— Надеюсь, что так. Но у вас, кажется, есть и другое объяснение.
— После многолетней практики редко услышишь что-то новое. Мне уже рассказывали дважды о похожем происшествии, или сне, с теми же подробностями, что и у вас.
— И вы убедили пациентов, что это был только сон?
— Да, обоих. То есть, я убеждал их первые несколько раз, когда это случалось с ними.
— Они были удовлетворены?
— Поначалу. Потом — не совсем. Но они умерли в течение года после первого обращения ко мне.
— Не насильственной смертью, я надеюсь.
— Оба умерли самой тихой смертью. От глубокой старости.
— О. Ну, я слишком молод для этого.
— Думаю, вам нужно прийти ко мне еще раз в течение месяца.
— Хорошо, если галлюцинация повторится.
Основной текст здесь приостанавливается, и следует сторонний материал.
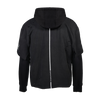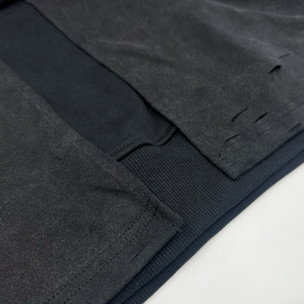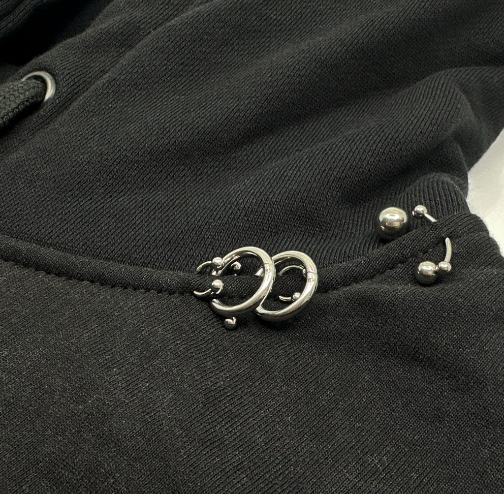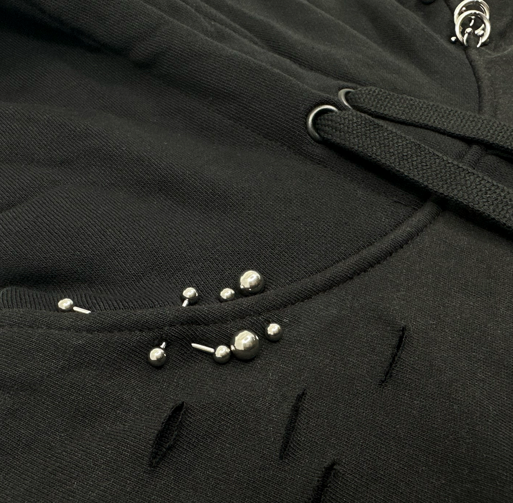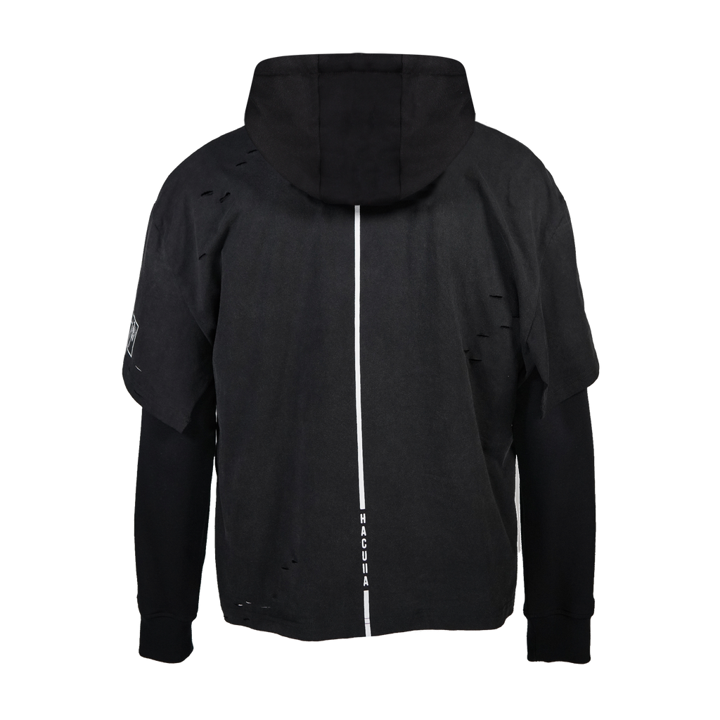 Black cotton french terry oversized, drop shoulder hoodie with a vintage black aged washed cotton tee on with a custom vintage band tee graphic cut down the center on top and silver metal piercing hardware along the seams

Или если заболею.
После визита к врачу Чарльз Винсент начал забывать об инциденте. Он вспоминал о нем только с усмешкой, когда опять накапливалась работа.
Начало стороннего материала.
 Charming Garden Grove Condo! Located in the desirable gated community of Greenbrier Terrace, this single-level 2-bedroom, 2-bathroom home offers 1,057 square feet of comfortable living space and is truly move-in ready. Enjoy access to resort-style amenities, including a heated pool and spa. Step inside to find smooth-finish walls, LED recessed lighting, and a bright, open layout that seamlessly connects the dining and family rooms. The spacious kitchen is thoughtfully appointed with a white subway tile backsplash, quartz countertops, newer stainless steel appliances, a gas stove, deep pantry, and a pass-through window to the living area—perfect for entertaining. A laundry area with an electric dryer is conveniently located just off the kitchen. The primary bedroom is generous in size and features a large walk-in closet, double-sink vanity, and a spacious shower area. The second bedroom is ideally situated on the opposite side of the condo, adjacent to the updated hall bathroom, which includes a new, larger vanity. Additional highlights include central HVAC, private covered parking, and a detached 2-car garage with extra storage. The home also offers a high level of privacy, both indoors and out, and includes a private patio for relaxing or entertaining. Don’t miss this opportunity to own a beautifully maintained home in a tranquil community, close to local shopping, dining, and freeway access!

— Что ж, если станет совсем невмоготу, я еще разок прогуляюсь во сне и разгребу завалы. Действительно, если бы другая сторона времени существовала и я мог бы переходить туда по желанию, это было бы крайне удобно.
* * *
Чарльз Винсент совсем не видел его лица. В некоторых из этих клубов очень темно, а в «Голубом петухе» было как в склепе. Винсент наведывался в клуб примерно раз в месяц, обычно после работы, когда не хотелось идти домой, или когда его грызло чувство тревоги.
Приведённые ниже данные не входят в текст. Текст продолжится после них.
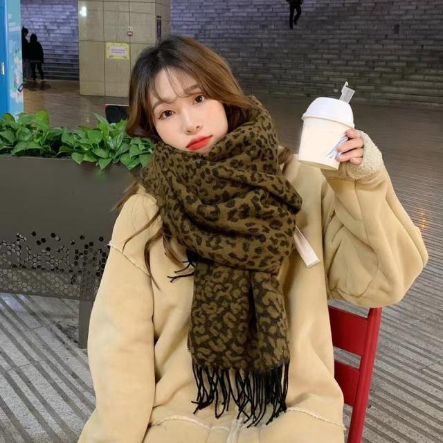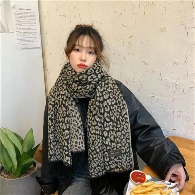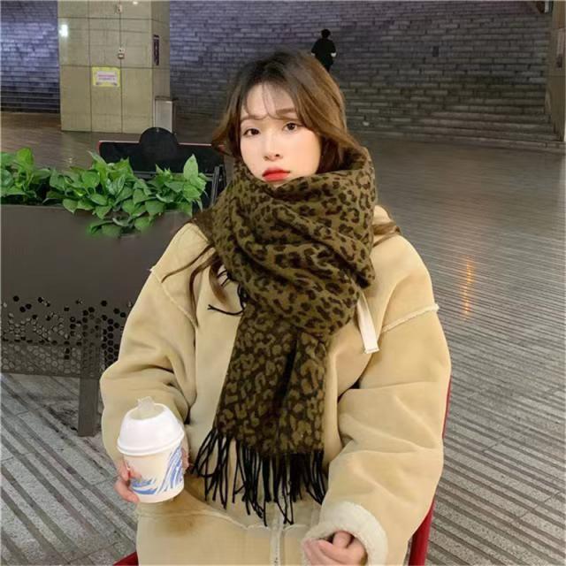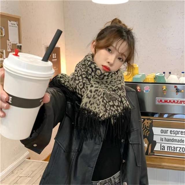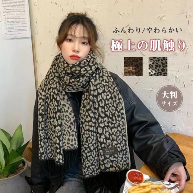マフラー ストール 大判 レディース フリンジ カシミヤタッチ リバーシブル 無地 豹柄 おしゃれ 防寒 ネックウォーマー 秋冬小

Граждане штатов, которым повезло больше, могли не знать о секретах таких клубов. Там же, где жил Винсент, единственными заведениями были пивные бары, а спиртные напитки подавали только в клубах, допуск в которые осуществлялся по членским карточкам. Неудивительно, что даже такой маленький клуб, как «Голубой петух», насчитывал тридцать тысяч членов. Маленькая номерная карточка, в которую член клуба вписывал свое имя, стоила доллар в год. Нужно было иметь ее при себе — или уплатить доллар за новую карточку, — чтобы попасть внутрь.
Внутри клуба не было никаких развлечений. Вообще ничего, кроме тесного полутемного помещения с барной стойкой.
В баре сидел человек, потом его не стало, потом он появился вновь. И всегда там, где он сидел, было слишком темно, чтобы разглядеть его лицо.
— Интересно, — обратился он в Винсенту (или к бару в целом, хотя других посетителей не было, а бармен дремал), — вы читали Зурбарина о связи полидактилии[1] с гениальностью?
— Никогда не слышал ни о такой работе, ни о таком авторе, — ответил Винсент. — Сомневаюсь, что и тот, и другой существуют.
— Я Зурбарин, — представился мужчина.
Винсент спрятал свой уродливый палец. Вряд ли можно было разглядеть его при таком освещении, и глупо было подозревать наличие какой-либо связи между его пальцем и замечанием мужчины. У Винсента был не настоящий двойной палец. Не был он ни шестипалым, ни гением.
— Боюсь, что вы меня не заинтриговали, — сказал Винсент. — Я уже ухожу. Собирался выпить еще стаканчик, да не хочу будить бармена.
— Быстрее сделать, чем сказать.
— Что?
— Ваш бокал полон.
— Полон? Да, полон. Это фокус?
— Фокус — название для чего-то или слишком легкомысленного, или слишком обманчивого для понимания сути. Но однажды долгим ранним утром месяц назад вы тоже имели возможность проделать такой фокус, и почти так же хорошо.
— Я? Откуда вы знаете о моем долгом утре, — при условии, что оно было, конечно?
— Я давно наблюдаю за вами. Немногие имеют оборудование, позволяющее следить за человеком, когда он на другой стороне времени.
* * *
На некоторое время воцарилось молчание, и Винсент глянул на часы, собираясь уходить.
— Интересно, — проговорил человек в темноте, — читали ли вы Шиммельпеннинка «Шестипалость и двенадцатиричное исчисление в Древней Халдее»?
— Не читал и сомневаюсь, что читал хоть кто-то. Смею предположить, что Шиммельпеннинк — это тоже вы, а имя придумали только что экспромтом.
— Я Шимм, это правда, но имя придумал много лет назад.
— Мне немного наскучила наша беседа, — сказал Винсент, — но я был бы признателен, если бы вы еще раз проделали фокус с бокалом.
— Только что проделал. И вам не скучно, вы напуганы.
— Чем? — спросил Винсент. Его бокал, и правда, был снова полон.
— Вы боитесь повторно оказаться в состоянии, которое, — в чем, правда, вы не уверены, — было сном. Но в том, чтобы быть невидимым и неслышимым, есть свои преимущества.